Encode logs using a structured layout

We can’t emphasize it enough to not use anything, but a structured layout to deliver your logs to an external system. We recommend JSON Template Layout for this purpose:

JSON Template Layout provides full customizability and contains several predefined layouts for popular log storage services.
JSON is accepted by every log storage service.
JSON is supported by logging frameworks in other languages. This makes it possible to agree on a common log format with non-Java applications.

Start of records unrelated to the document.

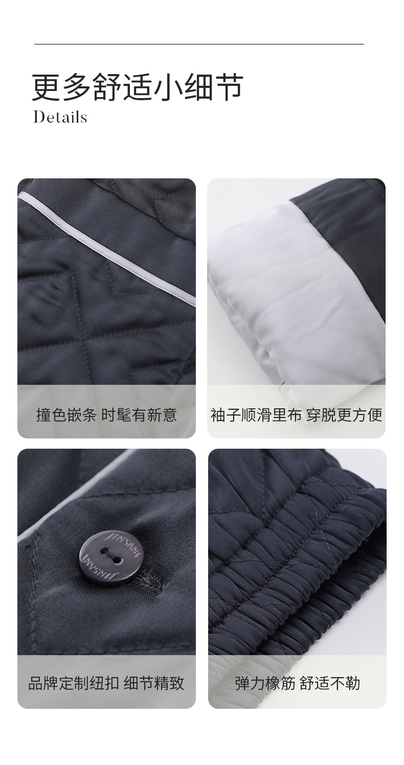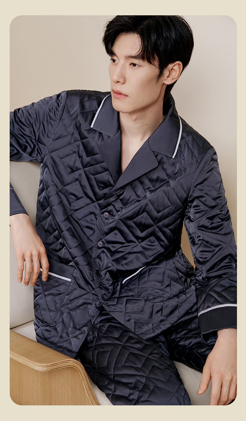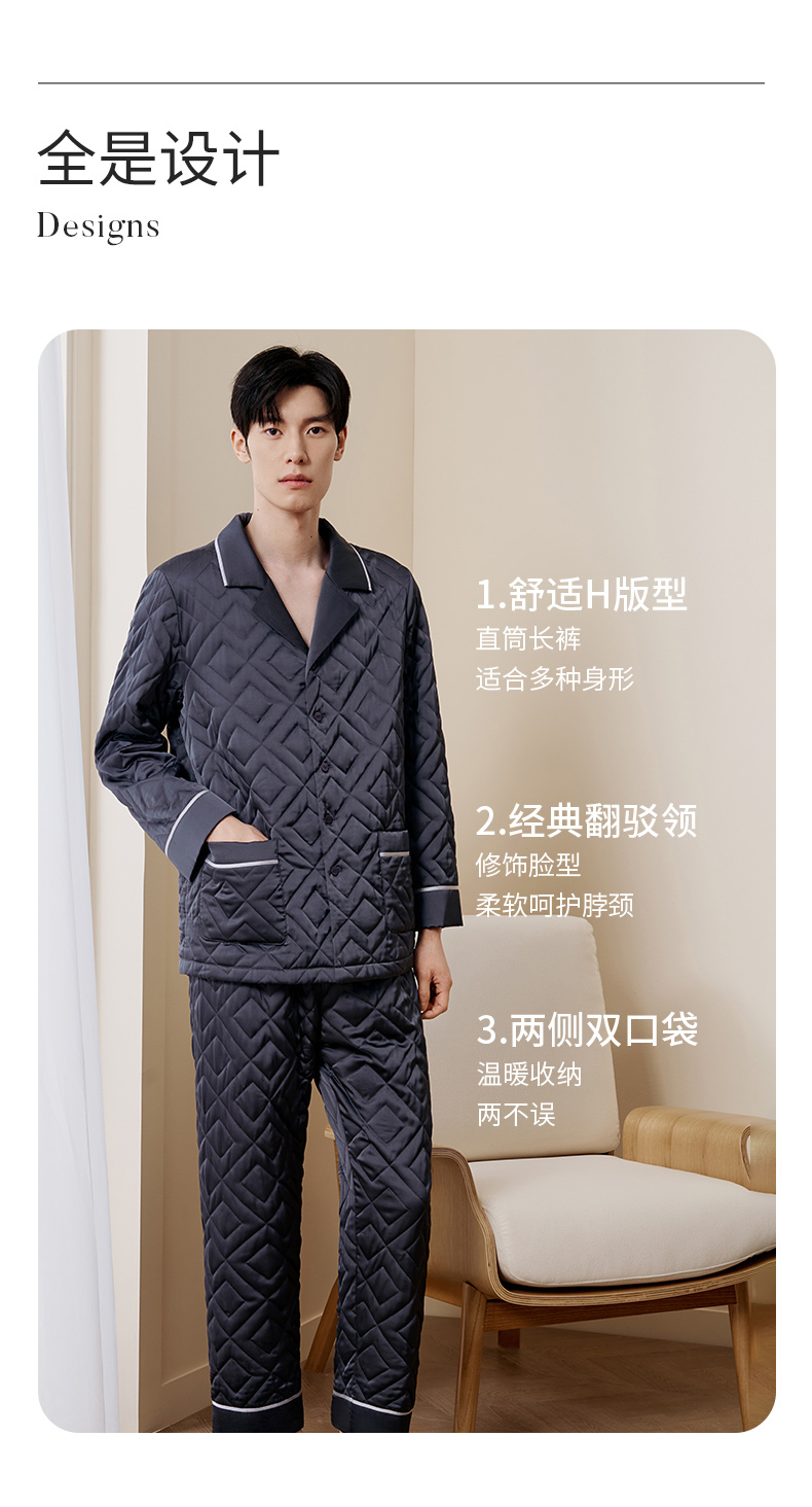 金三塔桑蚕丝简约菱形格纹丝绵睡衣男舒适保暖贴肤衣裤套家居服 YSMFD202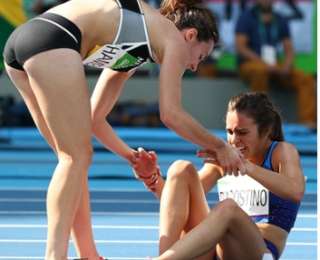 Во время вчерашнего полуфинального забега на 5000 метров столкнулись бегуньи Никки Хэмблин из Новой Зеландии и Эбби ДАгостино из США. ДАгостино сильно ушиблась и не смогла сразу встать, но Хэмблин прервала свой забег и пришла ей на помощь.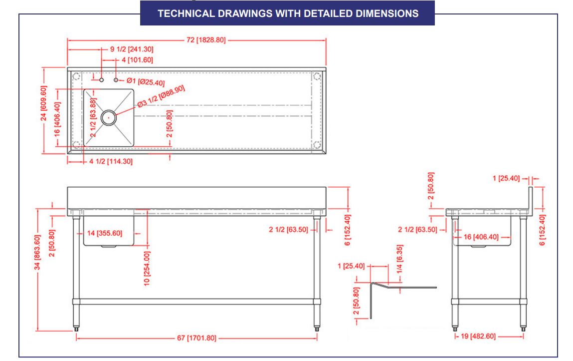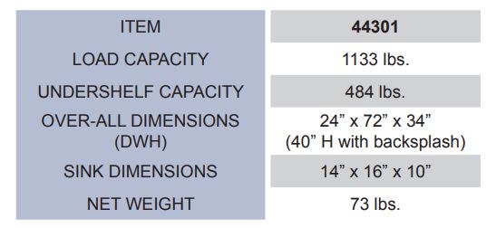 24″ x 72″ All Stainless Steel Table with Left Sink and 6″ Backsplash 44301 Features: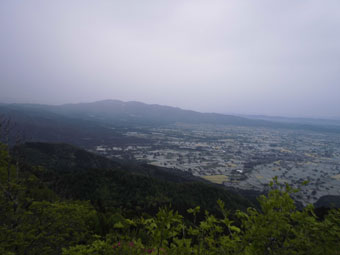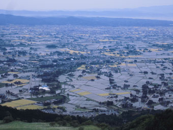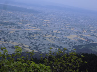 | 駐車場から、砺波平野の散居村を眺める。 |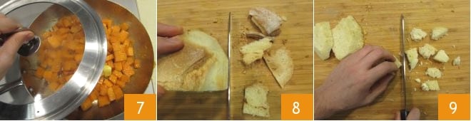 Wenn noch 5 Minuten Kochzeit übrig sind, reduziert die Hitze und deckt die Pfanne mit einem Deckel ab 7. Sobald der Kürbis gar ist, entfernt den Knoblauch und den Rosmarin aus der Pfanne. Heizt nun den Ofen auf 190° im Umluftmodus vor und macht euch an die Zubereitung der Panade: nehmt das altbackene Brot, entfernt die Kruste mit einem Messer 8 und schneidet die Krume in Würfel 9: ihr benötigt 50 g davon.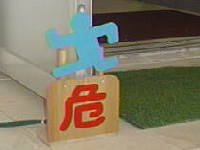 7月26日作成しました。保健室前の通路に両開きのドアがあります。。そのうちの1枚にひもがかかっていないので、突風でドーンと音がして閉まります。ガラスが割れるおそれがあるので、ドアストッパーを作成。これで児童の通行もスムーズになり、毎日開放しておくことができます。道具がないので、自宅で作りました。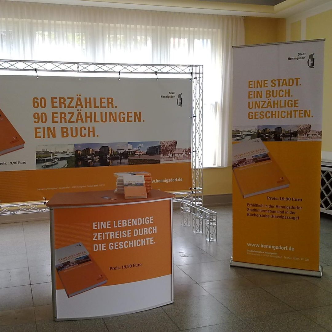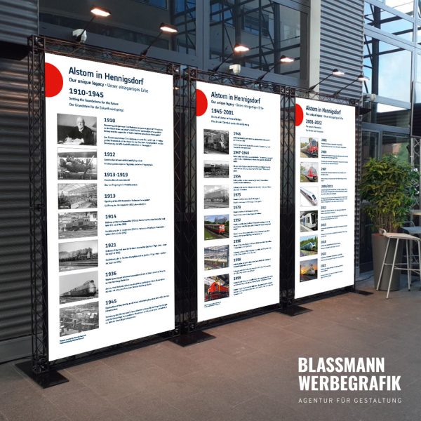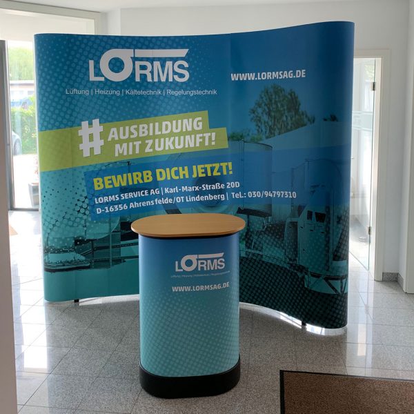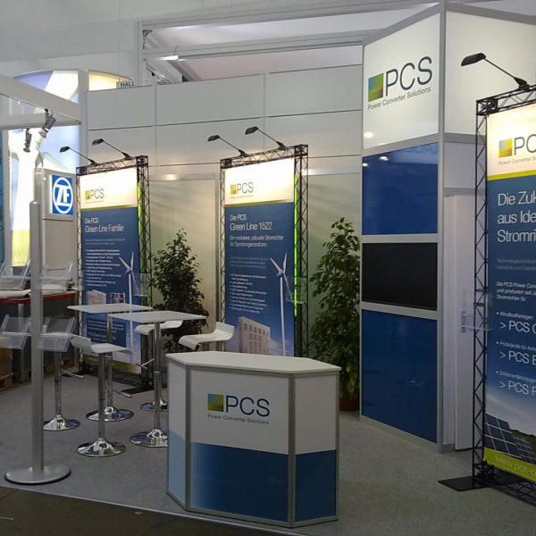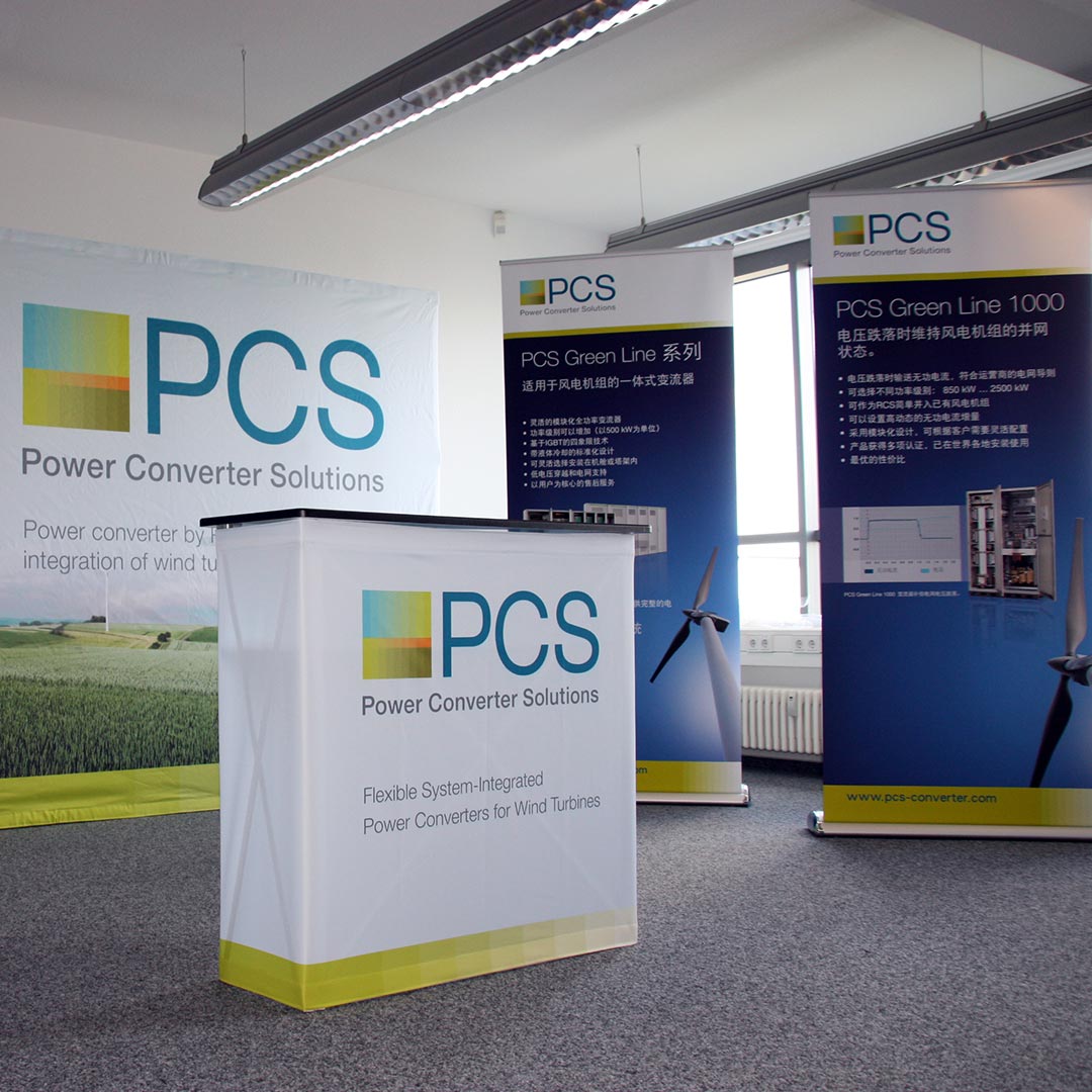 Messe- und Ausstellungssysteme wie Roll-ups, Banner-Displays, Truss-Systeme  und modulare Messestände.

Use a proxy for writing logs

Most of the time it is not a good idea to write to the log storage system directly, but instead delegate that task to a proxy. This design decouples applications' log target and the log storage system and, as a result, effectively enables each to evolve independently and reliably (i.e., without downtime). For instance, this will allow the log storage system to scale or migrate to a new environment while proxies take care of necessary buffering and routing.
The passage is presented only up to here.